Redress: Butterick Dress Part 2


Hopefully this will be the last part before the finishing post. Taking your generous advice, I went with option 3. After thinking about it, the gathers with the gathered fabric would have looked frumpy for sure. I think the nice, straight cotton is perfect. Plus, once I cut it out, the landscape of flowers was just too perfect.

Oh and yes, haha, I’m not surprised if you have some pillowcases like this in your linen closet. This is part of a sheet set I aquired from a thrift store back in DeKalb. I actually used the same fabric on this apron (love it!). And this is the last flat sheet of the set.

I cut out all the pieces and realized I was faced with another dilemma, hidden side seam pockets, or ones in the front.


After puzzling about it for awhile, I decided on both and snipped out the rest of the pattern piece. I’m hoping that once the July CLM is finished, I’ll have time to finish the dress for my road trip on Saturday. Some friends and I are going to Des Moines to Market Day, the Court Street Farmer’s Market, and the Des Moines Art Festival. It will be quite the little adventure.


I do have one problem. The linen, after dyeing and washing, is a wrinkled mess. I tried ironing quite a lot and it still won’t flatten out. After doing a bit of looking around, it’s supposed to come right out if it’s fully damp first. I’ll give it a try and report back. Here is a nice write up on linen care.
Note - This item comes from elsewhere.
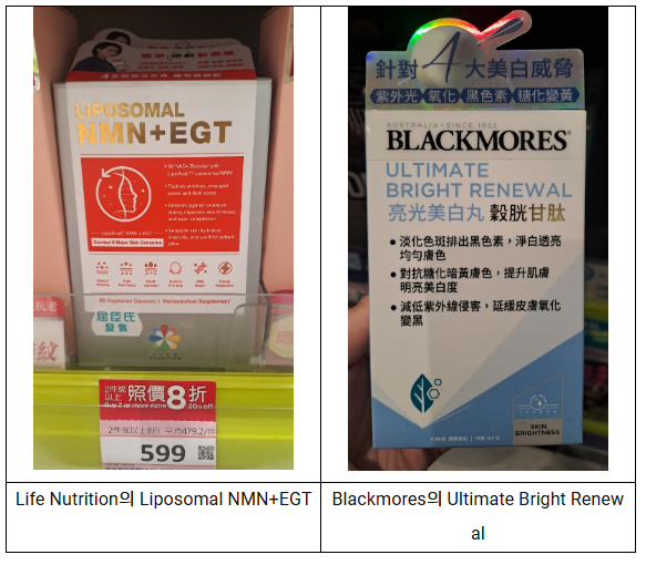 또 다른 인기 성분인 글루타치온(Glutathione)은 항산화 작용과 함께 피부 톤 관리와 관련된 이너뷰티 성분으로 주목받고 있다. 예를 들어 Blackmores 등 글로벌 브랜드는 글루타치온, 비타민 C 등 항산화 성분을 조합한 캡슐 제품을 통해 피부 톤·광채 개선과 자외선으로 인한 산화 스트레스 완화를 돕는 이너뷰티 솔루션을 제안하며 잡티·칙칙함 개선에 관심이 큰 홍콩 소비자들 사이에서 인지도를 넓혀가고 있다.

I’m really enjoying this clothing sewing kick. Granted I’m not as prolific as some, but I’m pretty happy with the new garment a month pace I’m setting. Have you made any new summer pieces yet this year? Can I see? Send me links in the comments. What’s your latest favorite pattern?

Happy sewing!


7 thoughts on “Redress: Butterick Dress Part 2

  1. Just so you don’t sound like an out-of-towner, it’s the Court Avenue Farmer’s Market. :)
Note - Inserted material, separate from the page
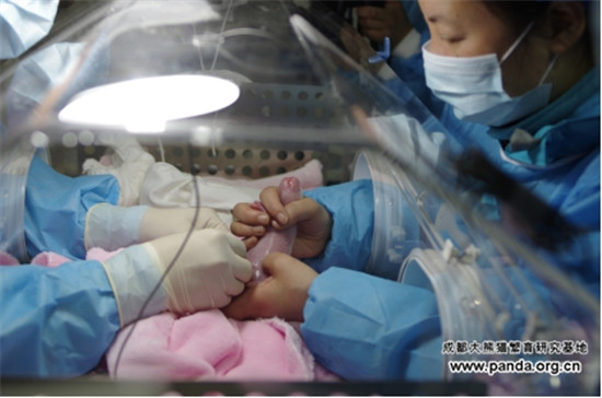 据饲养员介绍,经过20余天的减食,5月28日,“梅浜”在兽舍内不停走动,表现烦躁不安的生产征兆,22点53分,破羊水,29日上午6点顺利产 仔。“梅浜”初次当妈妈,“小梅浜”出生后,初为猫母的她可能还不知道怎么回事,对地上哇哇大叫的宝宝并不理会,更没有像其他妈妈一样马上把宝宝含起来抱 进怀里,在场的工作人员一再给她机会,她还是只一味地去舔断掉的脐带,眼看时间一分一秒的过去,地上的宝宝体温正在降低,如果不马上拿出来保温就会有生命 危险。无奈之下,工作人员将幼仔从地上取出,迅速放进保温箱里,此时幼仔的体温已经只有33.2℃,工作人员赶紧将保温箱温度升高,并用掌心护住幼仔给她 取暖,经过1个多小时,宝宝的体温慢慢恢复到正常水平。在为她剪去脐带,并补了一次母乳后,工作人员还是决定把宝宝还给“梅浜”,希望她这次能带她。当工 作人员再次将宝宝放在“梅浜”面前时,本来在睡觉的她起初还是没什么反应,但也许是宝宝不断呼唤妈妈的叫声刺激了她的母性,她终于站起身,在反复尝试后将 宝宝含起来抱进怀里,并开始不停舔舐。

    1. Haha, I am an out of towner! I've never been to the farmer's market in des moines. I couldn't remember if it was street or avenue, picked the wrong one, haha.

  2. Do you have a steamer or access to one? Even the less expensive ones work wonders on wrinkled fabric, and it's hella cheaper than dry cleaning!

  3. By the by, currently working on a vintage Simplicity pattern for husband.… View 3, the shawl collar short robe in mint green, baby blue and white striped seersucker.

    Got my pattern from the swap table of the local American Sewing Guild chapter.

    Last night, I finished some pj bottoms traced off from his current pj bottoms. In the same fabric, it's a set, first of at least two seersucker pj sets I will make for him this summer.

    Next time it may be a shorty robe as I buy stash fabric at five yard cuts and had a tricky time getting everything laid out properly.

  4. For your wrinkled linen, I learned of a great spray starch called Mary Ellen's Best Press. I've used it on linen clothes with success, but I'm not sure if it would totally press out your fabric. Maybe you could go to a quilting shop (I purchased mine at My Sewing Room, a large quilting store here in Calgary) and ask to try it with their demo product. Spray one side of the fabric until it is pretty wet and then press on the other side. It gives quilting cottons a nice firm feel that is especially helpful when sewing pieces on the bias, and doesn't leave a flakey residue that regular spray starches produce.
    Also, I would not recommend making the side seam pockets. Unless the garment is a flared design, side seam pockets just add bulk in an area that most women don't like to add width to!!